それでもボクはやってない

それでもボクはやってない
2007年の日本映画,143分
監督 周防正行
キャスト 加瀬亮、瀬戸朝香、山本耕史、もたいまさこ、光石研、大森南朋、役所広司、小日向文世
フリーターの金子徹平が会社の面接のためにラッシュの電車に乗っていたのだが。電車を降りた金子徹平は、女子中学生に痴漢だといわれてしまい、そのまま交番に連れて行かれてしまうのだ。犯人だと決め付けられる警官に対して一貫して無罪をなんとか主張するのだが、その言葉を吐き切れられずに、なんと弁護士までが示談を勧める展開に…
いまや全国的に社会的な問題となっている痴漢と痴漢冤罪事件を題材にした社会派のようなドラマなのだ。実際にあったかのような事件のドラマ化ではなく、たくさんある多くの痴漢事件からモデルのケースを作ってドラマとして組み立てた作品となっているので、その分、司法制度全体の問題点がわかりやすく描かれているので、司法試験を受験しようと思っているあなたにぴったりな映画なのだよ。
電車の中の痴漢のような性犯罪は、被害者の女性の感情やこれまでの司法制度のあり方の問題もあってか、被害者の保護を進めることに重点が置かれ過ぎてきていた。精神的に痛手を負った一見か弱そうな女性の被害者が告発してくると、有罪を立証しなければならないというのは酷だから、被害者の証言が被告人の有罪を推定するようになってしまうのだ。
それが行過ぎると、冤罪事件が生まれてしまうのだ。何よりも保護すべきが被害者であることは間違いないのだが、そのために無実の人が有罪にされてしまうというのもまったく許せないことでなのである。この非常に難しい問題をこの作品は描いているのである。
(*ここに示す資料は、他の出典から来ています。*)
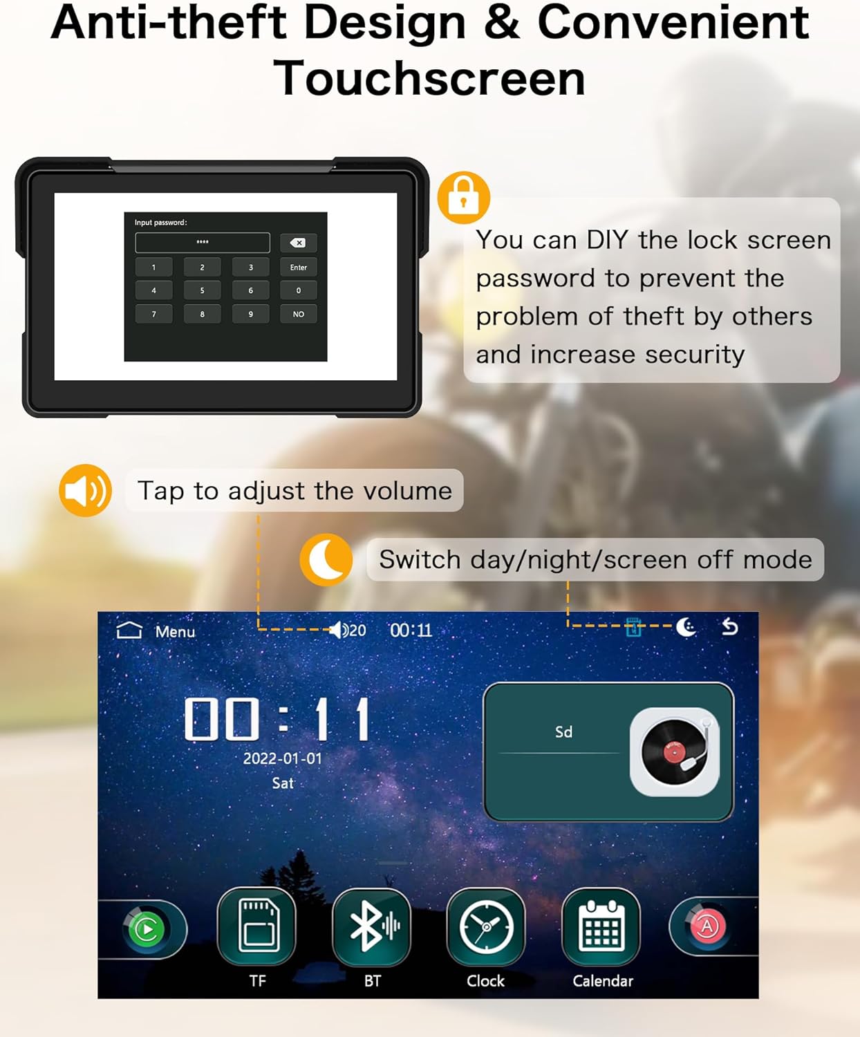 Dal punto di vista del design, il sistema è dotato di un design anti-furto, che include una password di protezione dello schermo, così da garantire una maggiore sicurezza mentre si guida. Questo punto è particolarmente apprezzabile per chi parcheggia la moto in zone poco sicure.
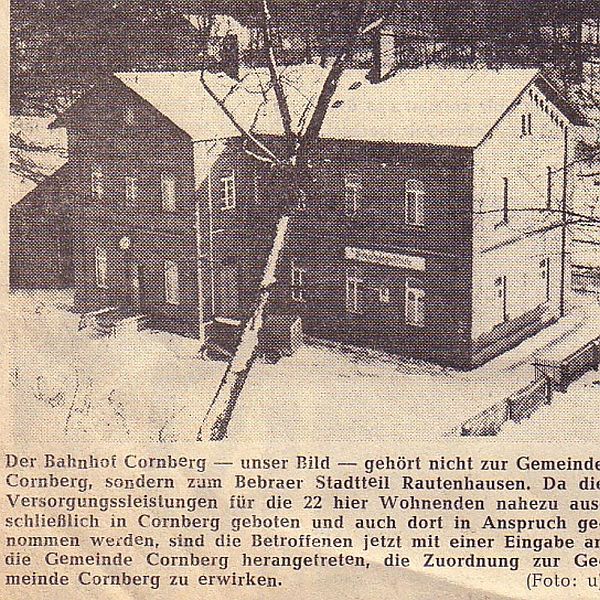 ![]() km 178,840: Ehemaliges Bahnhofsgebäude von Cornberg, Westseite (Fotografiert in 1961, Sammlung Mario Darmann: Ton- und Rundfunk-Museum) |

映画を見て、非常に慎重に問題を捉えていると同時に、エンターテインメントとしてもしっかりと構成されているという論評もある点だ。この映画は被害者側をほとんど描かないのだ。裁判ものの映画というのは、必ずどちらかの側が正義になり、観客を同じ側に立たせて、反対する側と対立させることが必要なのだ。観客は戦っている当事者の立場に入り込むために、その主人公の感情を共有していなければならない。この映画でも観客は必ずこの主人公が痴漢をやっていないということを確信していて、彼の味方になって警察と検察をやっつけようという気持ちになるように仕向けられているのだが、そうすると被害者も敵側に回ってしまうことになる。その被害者が痴漢の被害を受けたことは間違いないわけで、被害者を責めることはできない。そこでこの作品は、警察と検察とそして何よりも司法制度を敵として描くことで被害者を隠す手法なのである。被害者と被告の証言が食い違っているのは、被害者が嘘をついているのではなく、制度がその食い違いを埋めようとしないからだと主張しているのである。
本来は、被害者も被疑者も同じように人権が尊重され、言い分は公平なされ、お互いの勘違いや嘘はひとつひとつ解きほぐされていかなければならないはずなのだ。実際はそうは行かない理由をこの作品は丹念に描いていくのだ。やっていないと嘘をつく痴漢の加害者を毎日取り調べなければならない警察官、何十何百という事案を常に抱えている裁判官、現場に居合わせた人たちの無関心、それらについて私たちは主人公とともに憤るが、それがこの国のシステムなのだろうか。この映画はそのシステムに対する憤りをうまく使い、この裁判がどうなるのかという行方を縦糸として、うまくプロットを組み立てる。司法制度というシステムは主人公が有罪になる方向に進み、無力な主人公達はそれに抵抗するという図式なのだ。司法制度にも問題があるらしいのだが、裁判官や検察官、警察官にも社会的や個人的ないろいろな問題があるのだ。司法制度の問題を描きそれで済ませるのではなく、それに関わる人間を描いている身近な物語なのだ。